TIFF [2000]Go to TIFF 00 index

Requiem for a Dream

(USA 2000) 102 minutes
Cast: Jared Leto, Ellen Burstyn, Jennifer Connelly, Marlon Wayans, Christopher McDonald
Written by Darren Aronofsky and Hubert Selby Jr., based upon the novel by Hubert Selby Jr.
Directed by Darren Aronofsky

THE STORY:

Four Staten Island nobodies dream of better lives. Widow Sara Goldfarb, addicted to junk food and a motivational infomercial, ignores her son Harry's careless lifestyle of drugs and scams until one day a telemarketer promises her the chance of a television appearance. The call comes as an awakening, turning Sara to diet pills so that she can drop 30 pounds to fit into a decades old dress. Harry and his girlfriend Marion--both casual drug users--aspire to establish a clothing design firm and along with their friend Tyrone, figure that a short adventure through drug trafficking will give them the windfall they need to get started. Within weeks, Sara becomes emaciated and paranoid as she waits for a response to her application. Harry, Marion, and Thomas become the most copious consumers of their own merchandise. Each individual's need for a constant fix reigns supreme over their dignity as they scatter and sink deeper into denial, delusion, and physical anguish.

ROBERT L'S REVIEW

"Requiem" could be screened in public schools in place of "The Cross And The Switchblade" and inspire many children never to take so much as a second Flinstone's chewable vitamin ever again.

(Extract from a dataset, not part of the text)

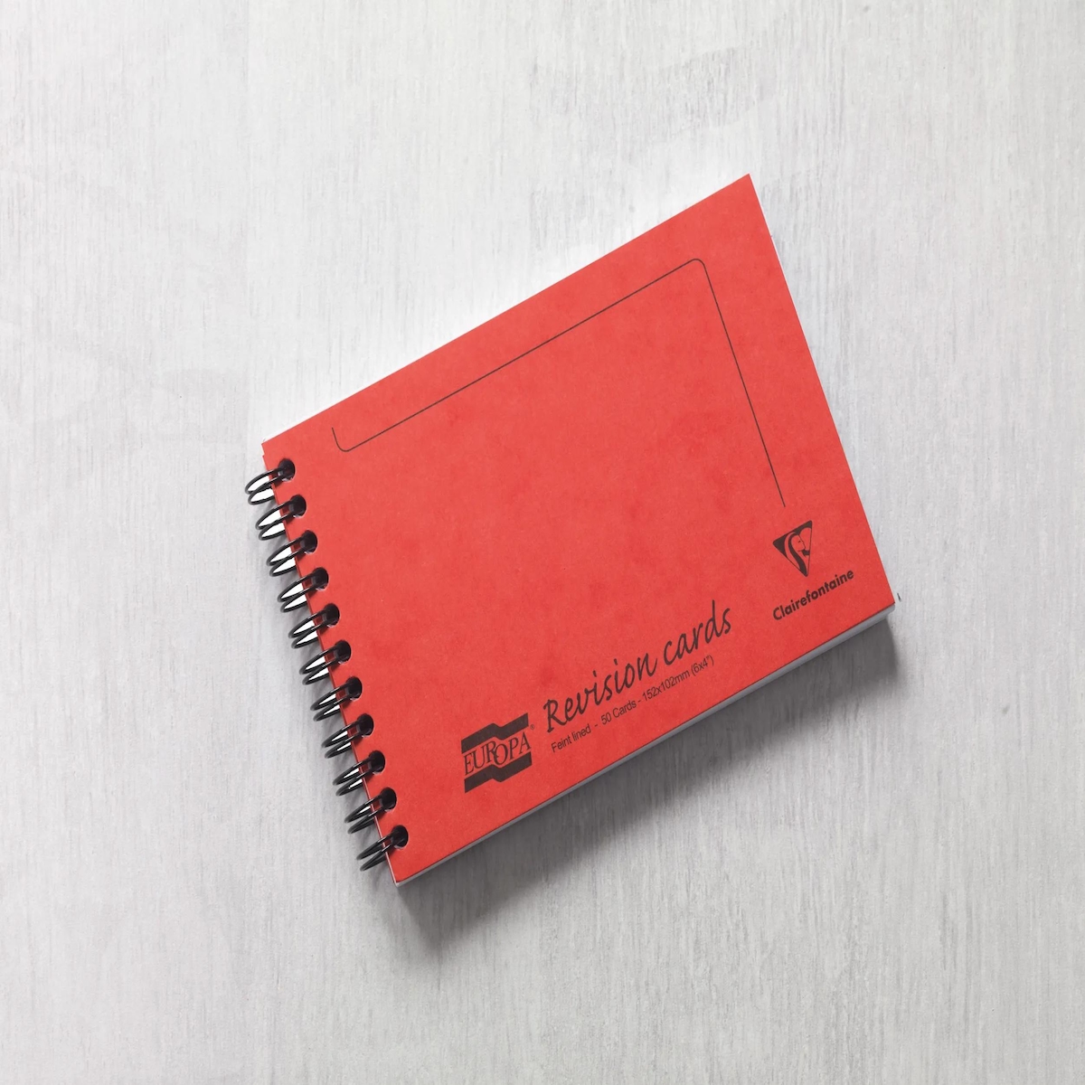 Clairefontaine 10x Revision Cards, Block mit 50 Karteikarten 15,2x10,2 cm, liniert, 160g - Rot 3002Z

As a lifelong "extreme" filmmaking aficionado, I've willfully revisited "A Clockwork Orange", and "Last House On The Left" as often as my grandmother has seen "The Bells Of St. Mary's". After years of thinking I'd seen it all, I can honestly report that Darren (the indie hit "Pi") Aronofsky's adaptation of Hubert Selby Jr.'s 1978 novel ranks as one of the most nightmarish and excruciating films I've ever endured. In fact, "Requiem" defies the term of mere "film adaptation", and instead, should be reclassified as a full throttle audio-visual assault.

An unrelenting bleak, downward spiral through the horrors of drug addiction, "Requiem" is so much more than simply "Reefer Madness"--or worse, "The Boost"--jazzed up with a music video veneer. I'm sure, though, that many will rally for the film's censorship, if not outright destruction (Artisan is bravely releasing the film with the kiss of death NC-17 rating), and they'll be missing the point. "Requiem" could be screened in public schools in place of "The Cross And The Switchblade" and inspire many children never to take so much as a second Flinstone's chewable vitamin ever again.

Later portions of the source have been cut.